Gone is the trademark chilli shirt, adopted years back because it meant one thing less to decide each day. It’s four years since his last major roll of the dice, the penguin musical Happy Feet, which took out the Oscar and confirmed him at the pinnacle of his profession; six weeks before its sequel Happy Feet Two, opens in the US as Warner Bros tent-pole hope for the Thanksgiving weekend.
Miller has been the prototype of all his blue-eyed heroes, from Mad Max to the penguin Mumble, his landscapes always interior. “It’s almost embarrassing,” he says. “I live way too much in my head.”
Right now he is dressed for Antarctica. Or one last aerial raid. “At this point you’re always on a war footing,” he says. “When I made my first film, Mad Max, I was constantly bewildered, it felt so chaotic. I remember Peter Weir telling me a film was like a battle zone, and it’s true: you have to be alert, resilient, prepared for anything. There are lots of stumbling blocks along the way, but you have to prevail.”
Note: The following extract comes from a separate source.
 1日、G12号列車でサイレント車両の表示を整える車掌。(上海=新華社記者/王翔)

Around him, out in the cavernous halls of what he calls ‘Penguin Prison’ (“but I’ll be on parole soon” ), geeks sit in the gloom adding feathers to bird carcases onscreen. They are the survivors of a workforce that peaked mid-August at 670. Pretty soon, however, even the stragglers will be gone. Some will be picked off by the the talent scouts who have already flown in from the northern hemisphere, while their handiwork flies north to lift (or not) the Warner Bros big top on a crucial US weekend.
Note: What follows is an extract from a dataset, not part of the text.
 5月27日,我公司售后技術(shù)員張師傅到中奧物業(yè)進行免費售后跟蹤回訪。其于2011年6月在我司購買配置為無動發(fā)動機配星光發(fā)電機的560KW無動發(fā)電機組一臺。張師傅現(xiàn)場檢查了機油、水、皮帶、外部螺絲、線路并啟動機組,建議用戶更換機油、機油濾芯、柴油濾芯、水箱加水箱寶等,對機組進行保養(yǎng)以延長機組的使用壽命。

The rest, the 50 or 60 on the longer-term contracts, will be made redundant within weeks. It’s the latest setback in a story that dates back to when George Miller last spoke to The Australian Financial Review Magazine in 2007. Back then, Miller deplored the creative brain drain under way, not least the computer-generated-imagery (CGI) talent he helped develop on Happy Feet, then watched disappear offshore to work on other international projects.
In the intervening years a director who has always kept Hollywood at arm’s length has done something about it, opening Dr D three years ago with his partner, Doug Mitchell, and Omnilab Media Group, to handle Happy Feet Two, their next project, Mad Max 4: Fury Road, and other animated-feature projects down the line. Even with most of the staff gone in mid-October, it’s a true Tardis of an operation. Outside the punters stream past from the Saturday growers market, eyes down as they navigate the puddles, oblivious to the dream factory lurking behind Dr D’s heritage facade.